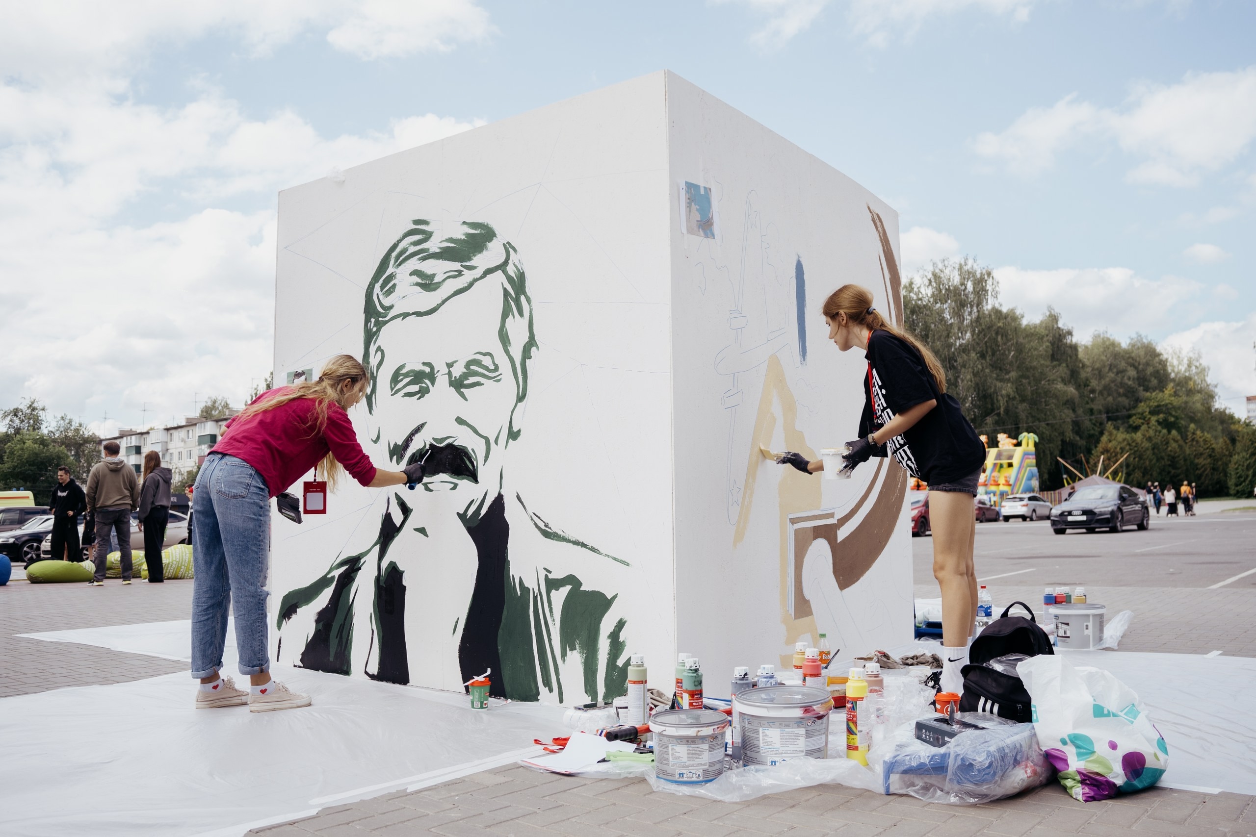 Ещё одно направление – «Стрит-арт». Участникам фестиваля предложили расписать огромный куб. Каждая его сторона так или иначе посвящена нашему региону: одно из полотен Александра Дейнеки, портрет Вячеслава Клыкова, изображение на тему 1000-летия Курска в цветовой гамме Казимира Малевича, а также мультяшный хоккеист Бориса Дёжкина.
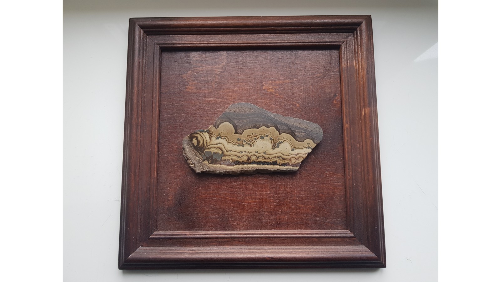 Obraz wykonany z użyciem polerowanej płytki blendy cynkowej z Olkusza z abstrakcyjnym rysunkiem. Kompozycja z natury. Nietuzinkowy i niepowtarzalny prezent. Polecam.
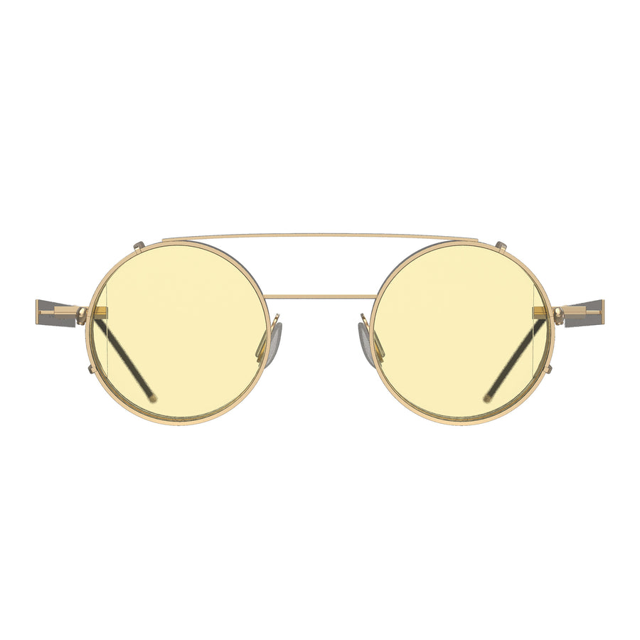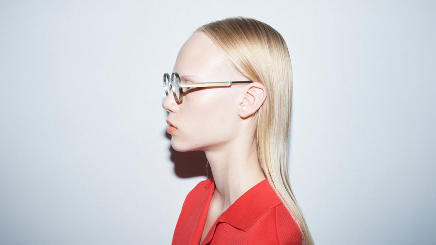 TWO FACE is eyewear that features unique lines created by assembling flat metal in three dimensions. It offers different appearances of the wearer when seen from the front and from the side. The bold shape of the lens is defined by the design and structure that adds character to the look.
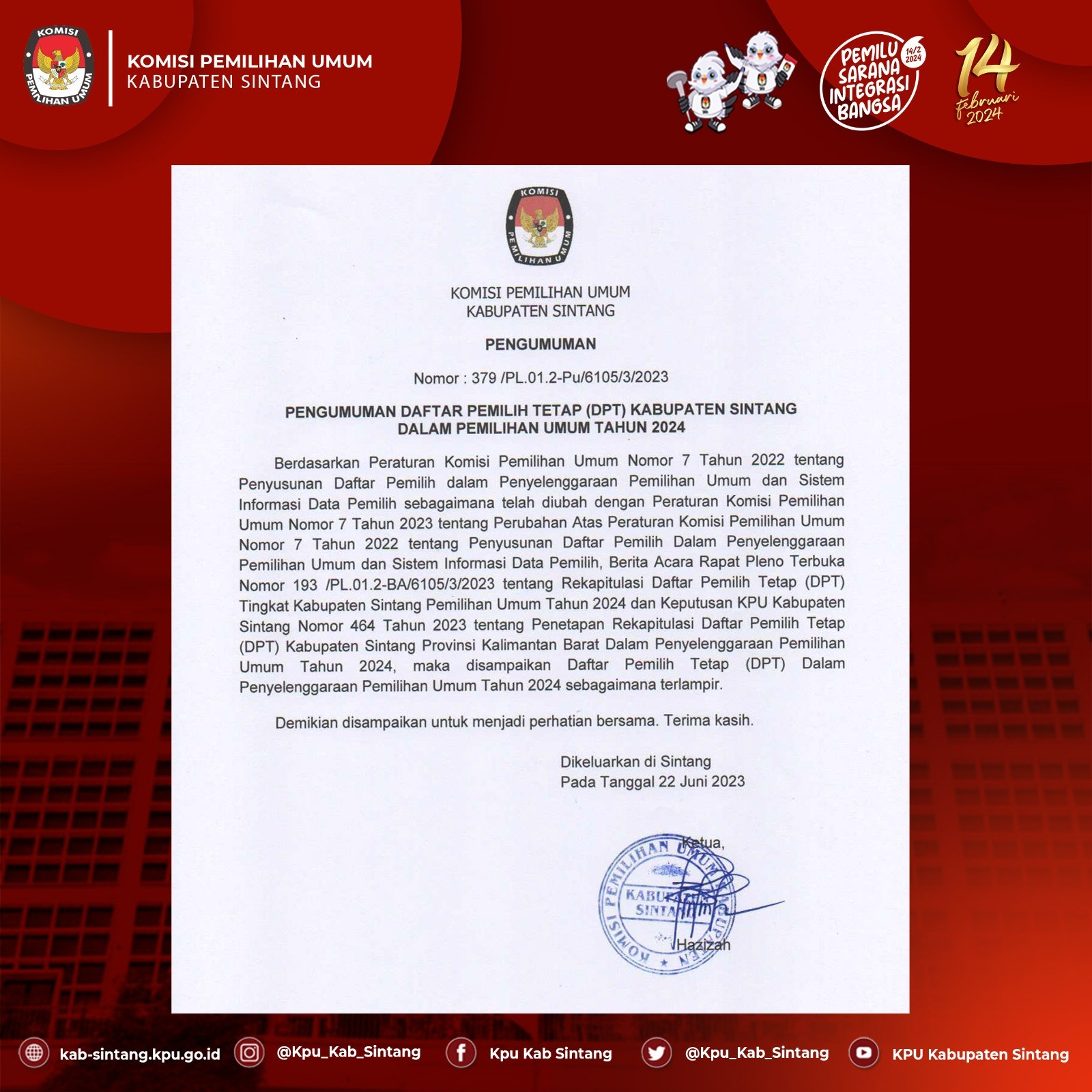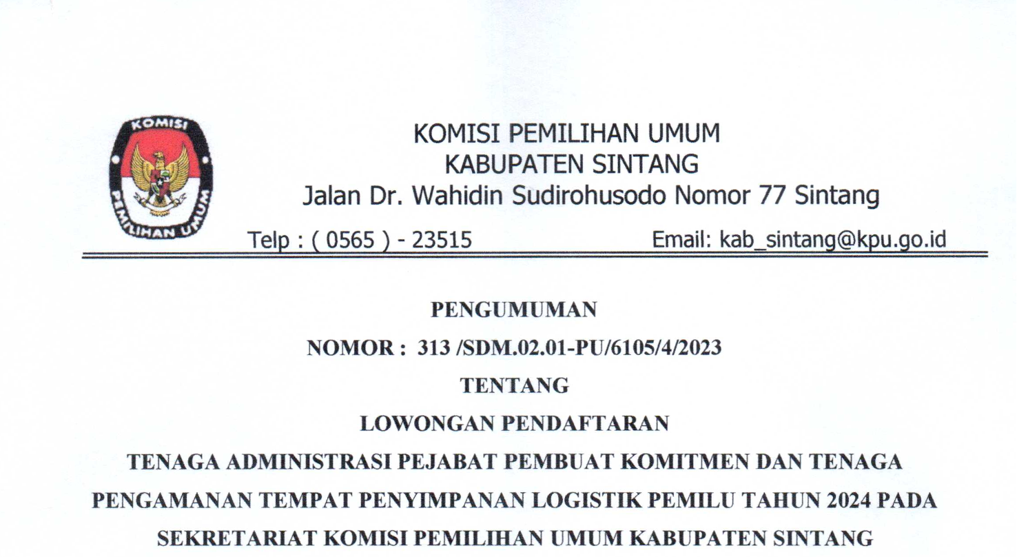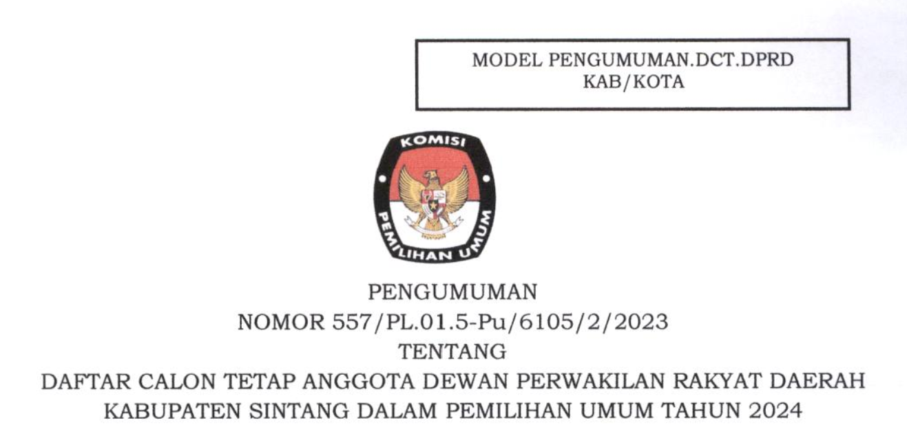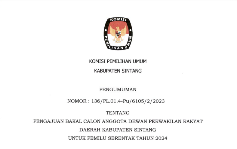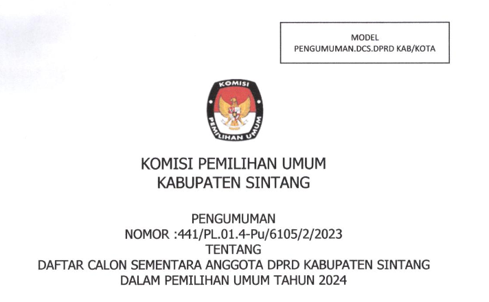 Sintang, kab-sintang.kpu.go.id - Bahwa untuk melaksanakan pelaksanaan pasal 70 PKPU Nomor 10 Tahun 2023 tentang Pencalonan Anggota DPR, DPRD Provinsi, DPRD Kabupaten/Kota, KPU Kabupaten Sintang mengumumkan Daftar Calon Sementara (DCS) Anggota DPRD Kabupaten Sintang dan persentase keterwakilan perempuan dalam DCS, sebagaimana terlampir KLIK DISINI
▬▬▬▬▬▬
» Problem to solve
Print all of the data exactly, and do not carry over any pictures.

» Answer to the problem
 Ещё одно направление – «Стрит-арт». Участникам фестиваля предложили расписать огромный куб. Каждая его сторона так или иначе посвящена нашему региону: одно из полотен Александра Дейнеки, портрет Вячеслава Клыкова, изображение на тему 1000-летия Курска в цветовой гамме Казимира Малевича, а также мультяшный хоккеист Бориса Дёжкина.
 Obraz wykonany z użyciem polerowanej płytki blendy cynkowej z Olkusza z abstrakcyjnym rysunkiem. Kompozycja z natury. Nietuzinkowy i niepowtarzalny prezent. Polecam.
 TWO FACE is eyewear that features unique lines created by assembling flat metal in three dimensions. It offers different appearances of the wearer when seen from the front and from the side. The bold shape of the lens is defined by the design and structure that adds character to the look.
 Sintang, kab-sintang.kpu.go.id - Bahwa untuk melaksanakan pelaksanaan pasal 70 PKPU Nomor 10 Tahun 2023 tentang Pencalonan Anggota DPR, DPRD Provinsi, DPRD Kabupaten/Kota, KPU Kabupaten Sintang mengumumkan Daftar Calon Sementara (DCS) Anggota DPRD Kabupaten Sintang dan persentase keterwakilan perempuan dalam DCS, sebagaimana terlampir KLIK DISINI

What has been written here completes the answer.